In such an embodiment, the data check for stores may only be
performed on the L2 cache 18A.
[0075] If a store causes a coherence trap, the store may be
retained in the store queue (or another storage location) to be
reattempted after write permission has been established for the
store. The coherence trap detector 52 is coupled to the store queue
44, the L1 cache 50, and the cache control unit 60 in the L2 cache
18A to facilitate such operation, in the illustrated embodiment.
That is, the coherence trap detector 52 may signal the store queue
44, the L1 cache 50, and the cache control unit 60 of the trap for
the store. The caches may prevent the cache line from being read
while write permission is obtained, and the store queue 44 may
retain the store.
[0076] Additionally, the coherence code executes with the store
still stalled in the store queue 44. Accordingly, the store queue
44 may permit memory operations from the coherence code to bypass
the stalled store. The processor 16A may support a mechanism for
the coherence code to communicate that the store may be reattempted
to the store queue 44 (e.g. a write to a processor-specific
register), or the store queue 44 may continuously reattempt the
store until the store succeeds. In one embodiment, the processor
16A may be multithreaded, including two or more hardware "strands"

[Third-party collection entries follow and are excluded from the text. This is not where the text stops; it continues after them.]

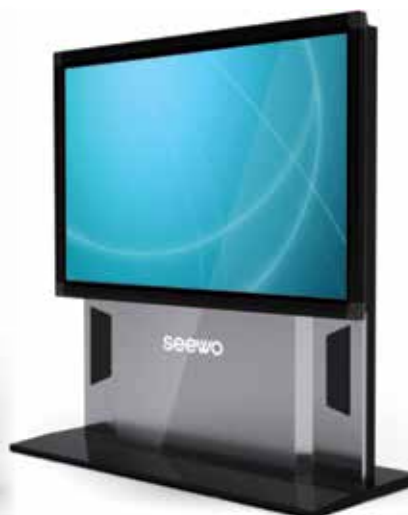
Jalusta ST07 Näyttökoko 80"
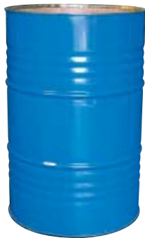
FUSTO in ferro da 200 litri (Ø 60 cm - h 90 cm)

DRUM in iron, 200 liters capacity (Ø 60 cm - h 90 cm)
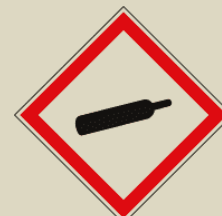
Plyn pod tlakem
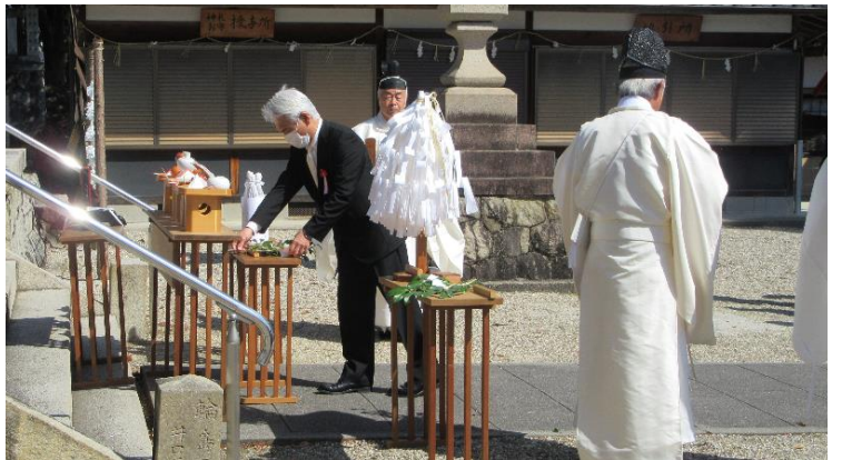
還暦会男性代表 玉串奉奠
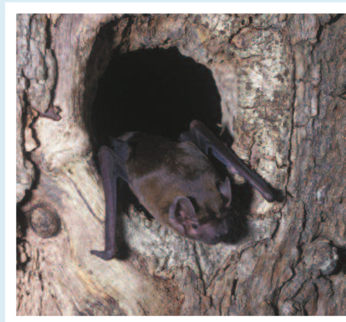
Ystum mawr mewn coeden
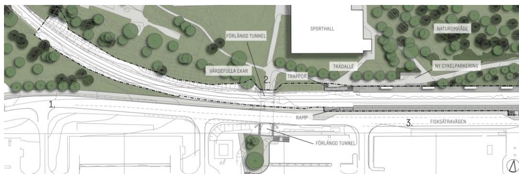
Figur 10. Bild från PM med gestaltungsprinciper, västra delen av planområdet.
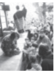
▲のぶ幼稚園児にも ▲城興寺の豆まき
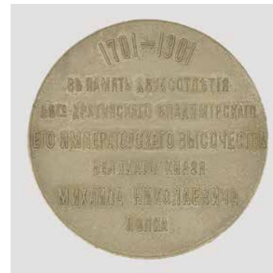
Ил. 9. Медаль в память 200-летия 38-го Драгунского Владимирского полка – подарок Е. И. В. В. К. Михаила Николаевича. А. А. Грилихес. Санкт-Петербургский монетный двор. 1901. Серебро. Диаметр 37 мм. Инв. № РМ-5238. Государственный Эрмитаж
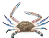
Cangrejo azul (Blue Crab)
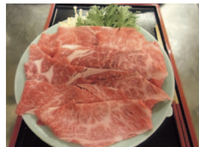
料理イメージ(2人前)
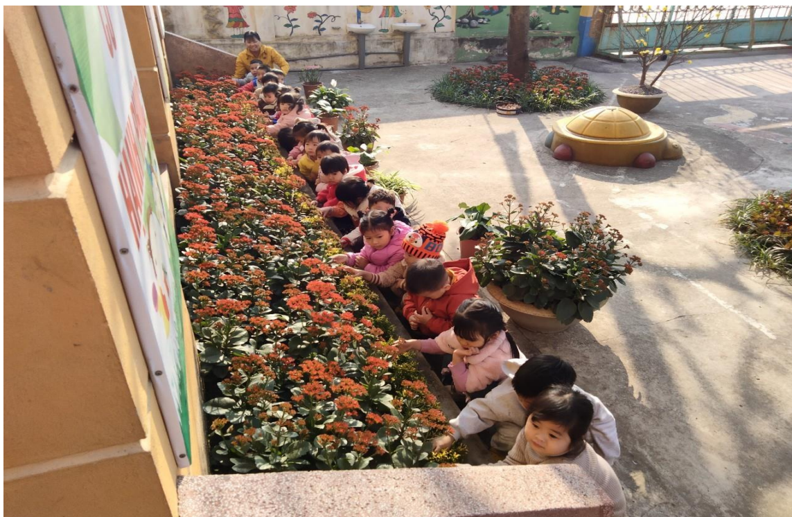
Cô giáo cùng các con đang quan sát vườn hoa

*Môi trường ngoài lớp học: Vườn trường có đa dạng các khu vực: “vườn hoa của bé”, “vườn cây ăn quả” “vườn rau” để trẻ quan sát
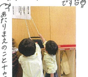
「あたりまえのこと十カ条!!」 指し橋にして先生のマナー
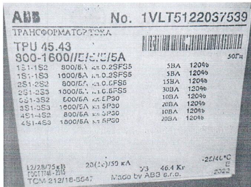
Рисунок 1.2 – Фотография маркировки трансформатора тока TPU 45.43 № 1VLT5122037539
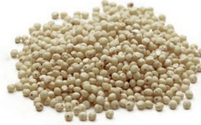
Beyaz Sorgum / White Sorghum ذرة بيضاء
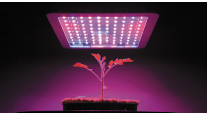
Les lampes DEL à l'éclairage rosé donnent aux plantes une apparence sombre et désagréable à l'œil.

feuillage soit réchauffé, entre 15 à 30 cm. Vous pouvez utiliser des lampes fluorescentes tout à fait ordinaires et bon marché, comme des Cool White et des Warm White, notamment en combinaison.
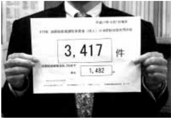
「あと1482」と書かれた紙。これを日々貼り出し、目標を煽る金沢署

会社の調査に特官が付職員ときた。あれこれ見るが何もでない。すると特官が付職員にガソリンスタンドの領収書から軽油引取税を拾えといつた。
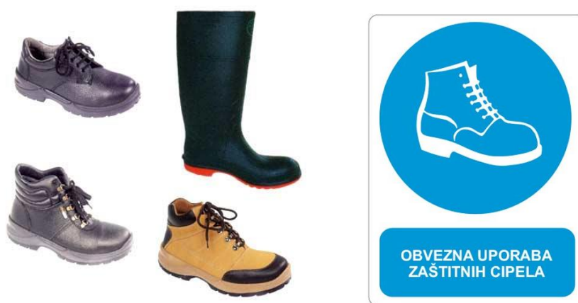
Sl. 7. Osobno zaštitno sredstvo za zaštitu nogu i pripadajući znak obaveze

Zaštitna obuća mora zadovoljavati 3 kriterija a to su opremljenost obuće, nosivost i održavanje. Kod opremljenosti obuće ocjenjuje se prostor za nogu, dubina profila đona, zaštita gležnja, utore i drugo. Nosivost je najvažniji kriterij pri ispitivanju a ispituju se zaštitna kapica za prste, nosivost na visokim i niskim temperaturama, ponašanja pete, prijanjanje đona uz tlo kao i položaj stopala u obući. Kod održavanja ispituje se lakoća čišćenja kao i uklanjanje prljavštine s površine obuće. Zaštitna sredstva za zaštitu nogu ne smiju za vrijeme rada izazivati žuljanje ili znojenje nogu i one moraju zadovoljavati tehničke uvjete koji su propisani standardima. U građevini se najčešće koriste cipele sa čeličnom kapicom zato jer je čelik otporan na udarce i pritiske. [9]
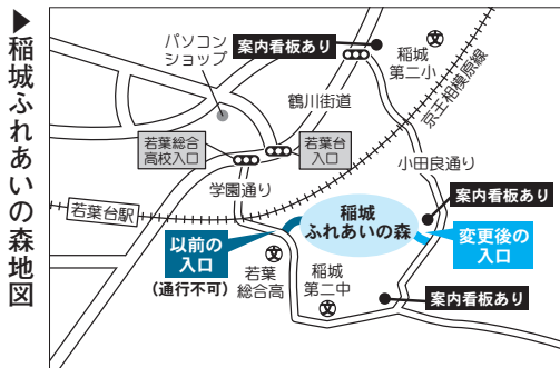
▶稲城ふれあいの森地図

▽禁止及び注意事項 ○野草摘み、虫捕り、飲酒、ペット同伴での入場、カラオケ等他人の迷惑となること ○天候不良や市主催事業等により、開放を中止する場合があります。開放日等詳細は、市HPをご覧ください。 炭焼き体験 一昨年焼いた炭を窯から取り出す作業と薪詰め作業が体験できます。取り出した炭はお持ち帰りできます。 3月20日(日・祝)
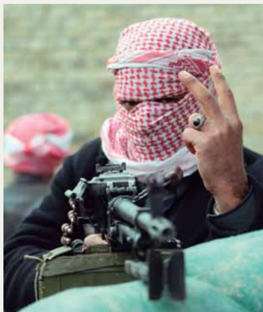
Un yihadista del Estado Islámico de Irak y Levante patrulla la ciudad de Faluya el pasado 5 de enero.

El temor más serio —y previsible— es que se consolide el control de Al Qaeda en la zona y que consigan mantener un feudo desde el que expandir su «guerra santa» y resquebrajar el actual estatus administrativo y fronterizo. Lo único positivo de esta ofensiva ha sido la respuesta de la población local. La inmensa mayoría de los suníes y no sólo los jefes tribales del partido Sahwa, tradicionales aliados de Maliki, han dicho basta y se han enfrentado a los terroristas. Es la primera vez que ocurre en Irak y ya está sucediendo en Siria. Quizás esa sea la verdadera opción para acotar las aspiraciones territoriales de Al Qaeda.
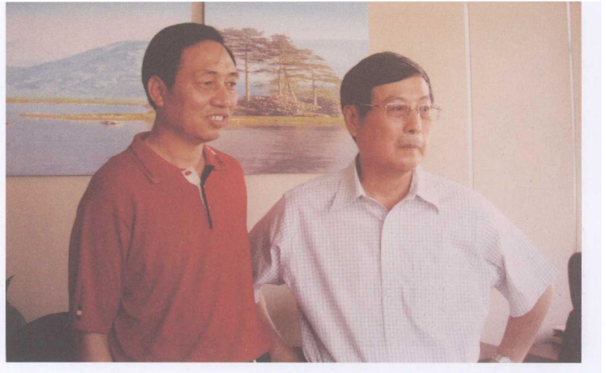
图1 全国政协副主席、全国工商联主席黄孟复（右）亲切会见朱德芳

for concurrent execution of multiple threads. One strand may be
dedicated to executing coherence code, and thus may avoid the store
queue entry occupied by the stalled store that caused the coherence
trap. In one particular embodiment, a dedicated entry or entries
separate from the store queue 44 may be used by the coherence code
(e.g. by writing processor-specific registers mapped to the entry).
The dedicated entry(ies) may logically appear to be the head of the
store queue 44, and may thus bypass the stalled store in the store
queue 44.
[0077] FIG. 10 is a block diagram illustrating one embodiment of a
cache tag 70 from the tag memory 56 for one embodiment. The cache
tag 70 includes an address tag field 72, a state field 74, and a
CTV bit 76. The CTV bit 76 may logically be part of the state field
74, but is shown separately for illustrative purposes. The CTV bit
76 may track whether or not the cache line identified by the cache
tag 70 in the data memory 58 is storing the CT value (or will be
storing the CT value, if the CT value is in the process of being
written to the cache line). For example, the bit may be set to
indicate that the cache line is storing the designated value, and
may be clear otherwise. Other embodiments may reverse the meaning
of the set and clear states, or may use a multibit indication.
[0078] The state field 74 may store various other state (e.g.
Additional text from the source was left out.